L1 : Si Mediapro lâche la L1, un plan B à 1 milliard déjà prévu ?

L1 : Si Mediapro lâche la L1, un plan B à 1 milliard déjà prévu ?

Photo Icon Sport

Mediapro sera propriétaire des droits TV de la Ligue 1 dès la prochaine saison. Mais dans le climat actuel, tout semble possible, y compris que l'affaire tombe à l'eau.

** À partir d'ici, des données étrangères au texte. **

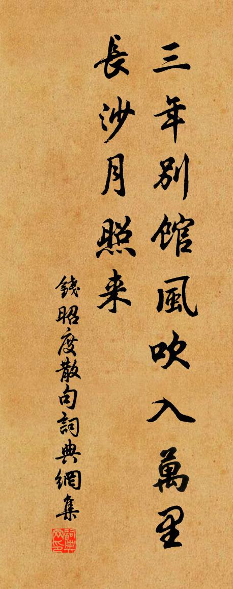 詩詞名句歷史字典書法欣賞書法字典國語詞典說文解字康熙字典古漢語字典標 題 作 者 詩 句 句作者:錢昭度 朝代:宋代句原文三年別館風吹入,萬里長沙月照來。詩詞問答問:句的作者是誰?答:錢昭度問:句寫於哪個朝代?答:宋代錢昭度句書法欣賞句書法作品詩詞推薦廣東漕李實夫四首戴復古〔宋代〕乾坤雖廣大,人物不能多。議論還諸老,文章自一科。從橫負才略,緩急任干戈。不有濟時傑,其如世事何。游龍門分題十五首晚登菩提上方歐陽修〔宋代〕野色混晴嵐,蒼茫辨煙樹。行人下山道,猶向都門去。偈頌一百零四首釋紹曇〔宋代〕鴆鳥毛,烏喙藥。毒無醫,休動著。輕動著,盡大地人,皮膚脫落。宮詞宋白〔宋代〕臘日天寒苑獵遲,獵回諸衛齪槍旗。女真王子新朝覲,旋遣黃門賜口脂。夢中送僧覺而忘第三聯戲足之陳與義〔宋代〕兩鴻同一天,羽翼不相及。偶然一識面,別意已超忽。去程秋光好,萬里無斷絕。雖無仁人言,贈子以明月。靈江釋了惠〔宋代〕水底烏龜無卦兆,岸頭神樹不相關。要知禍福流行處,只在波心月一灣。詠湖中雁沈約〔南北朝〕白水滿春塘,旅雁每迥翔。唼流牽弱藻,斂翮帶餘霜。群浮動輕浪,單泛逐孤光。懸飛竟不下,亂起未成行。刷羽磨崖頌吳杭〔宋代〕周雅久不復,楚騷方獨鳴。溪蛙弄氣態,污我蕭湘清。二公好奇古,大筆時縱橫。磨崖勒唐頌,字字飛瓊英。雲煙晚步吳儆〔宋代〕水靜偏明眼,山高不受塵。晴沙棲白鳥,野流集歸人。問字誰持酒,行歌有負薪。娟娟孤月影,獨覺向人新。西湖月(自度商調)黃子行〔宋代〕湖光冷浸玻璃,盪一餉薰風,小舟如葉。藕花十丈,雲梳霧洗,翠嬌紅怯。壺觴圍坐處,正酒醁吹波紅映頰。尚記定風波晁端禮〔宋代〕花倚東風柳弄春。分明淺笑與輕嚬。更憶當時聲細細,偎人。秦箏輕襯砑羅裙。別後此歡誰更共。春夢。只憑胡蝶福昌雜詠五首張耒〔宋代〕滿目淒涼供客愁,斷霞殘照想滄洲。風雲蕭瑟三川夜,星斗縱橫萬壑秋。騎省衰遲空作賦,荊蠻留滯感登樓。 * 答楊八敬之絕句(楊時亦謫居)劉禹錫〔唐代〕飽霜孤竹聲偏切,帶火焦桐韻本悲。今日知音一留聽,是君心事不平時。永和遇風楊萬里〔宋代〕未嫌春脕不多花,只愛青原綠似爪。剩欲開懷納岩岳,可堪病眼著風沙。待船小立看鷗沒,倚杖微吟盡帽斜。客里讀淵明詩楊萬里〔宋代〕少年喜讀書,晚悔昔草草。迨今得書味,又恨身巳老。淵明非生面,稚劌識巳早。極知人更賢,未契詩獨好。塵中和劉後村梅花百詠方蒙仲〔宋代〕兒時兩頷已生髭,一飽皇皇亟失時。索性斷它煙火氣,餐英汲潤當朝炊。和裴延齡尚書寄題果州謝舍人仙居盧綸〔唐代〕飄然去謁八仙翁,自地從天香滿空。紫蓋迥標雙鶴上,語音猶在五雲中。青溪不接漁樵路,丹井唯傳草木風。歌此雪復大作六言范成大〔宋代〕釀成送臘三白,功在迎年九秋。樵指擔肩相賀,飯囊酒瓮何憂?霅溪夜宴詩(霅溪神歌)水神〔唐代〕山勢縈迴水脈分,水光山色翠連雲。四時盡入詩人詠,役殺吳興柳使君。句秦觀〔宋代〕夢魂思汝鳥工往,事故著人羊負來。名句推薦虛空落泉千仞直,雷奔入江不暫息。徐凝《廬山瀑布》 海畔風吹凍泥裂,枯桐葉落枝梢折。陳羽《從軍行》 心之憂危,若蹈虎尾,涉於春冰。佚名《尚書·周書·君牙》 千里馬常有,而伯樂不常有。韓愈《馬說》 移風易俗,莫善於樂。孔子及其弟子《孝經·廣要道》 弱水三千,我只取一瓢飲。曹雪芹《紅樓夢·第九十一回》 長風萬里送秋雁,對此可以酣高樓。李白《宣州謝朓樓餞別校書叔雲 / 陪侍御叔華登樓歌》 月色穿簾風入竹,倚屏雙黛愁時。顧敻《臨江仙·月色穿簾風入竹》 兒女此情同。往事朦朧。湘娥竹上淚痕濃。辛棄疾《浪淘沙·賦虞美人草》 殘燈孤枕夢,輕浪五更風。徐昌圖《臨江仙·飲散離亭西去》

 Lorsque la Ligue de Football Professionnel a validé l’attribution des droits TV à Mediapro, le football français s’est frotté les mains, puisque c’est plus d’un milliard d’euros qui devait tomber dans les caisses des clubs de Ligue 1 et de Ligue 2 à partir de la saison prochaine. Sauf que c’était sans compter sans l’épidémie de coronavirus qui a plongé la planète dans le chaos, et le football aussi. Tandis que les actuels détenteurs des droits refusent également de payer ce qu’ils doivent, la LFP doit évidemment stresser à l’idée que Mediapro ne puisse pas honorer sa première échéance lorsque le contrat débutera. Et cela d’autant plus que pour l’instant la chaîne censée diffuser la L1 et la L2 n’existe pas. Pour Jean-Michel Aulas, il n’y a pas de raison de douter plus de Mediapro que de Canal+ et BeInSports, mais il faut tout de même avoir un plan B.

« Tout le monde est touché puisque Canal et beIN n'ont pas réglé spontanément ce qu'ils doivent à la L1 et à la L2. On ne peut pas faire de procès d'intention à Mediapro sans le faire aussi à Canal et beIN. Le prochain contrat est bien sûr avec Mediapro, mais aussi avec beIN et Free. Et belN a d'ores et déjà négocié pour que ce soit Canal qui reprenne son lot. On va négocier avec tous ceux-là. Comme Mediapro, Canal+ doit en théorie commencer à payer début août pour la saison prochaine. Mais comme le Championnat ne démarrera probablement pas à cette date, explique, dans L'Equipe, Jean-Michel Aulas, qui partage l’avis du président de Guingamp, lequel n’est pourtant pas son ami, afin que le début de la prochaine saison soit le plus rapide possible afin que Mediapro paie les droits prévus au contrat. Si la chaîne espagnole, financée en grande partie par des fonds chinois, se défilait, alors l’alerte serait donnée. S'il y a une situation de blocage total, il faudra refaire un appel d'offres rapidement. Et s'il n'y a pas d'attributaire, il faut regarder ce que prévoit la loi. »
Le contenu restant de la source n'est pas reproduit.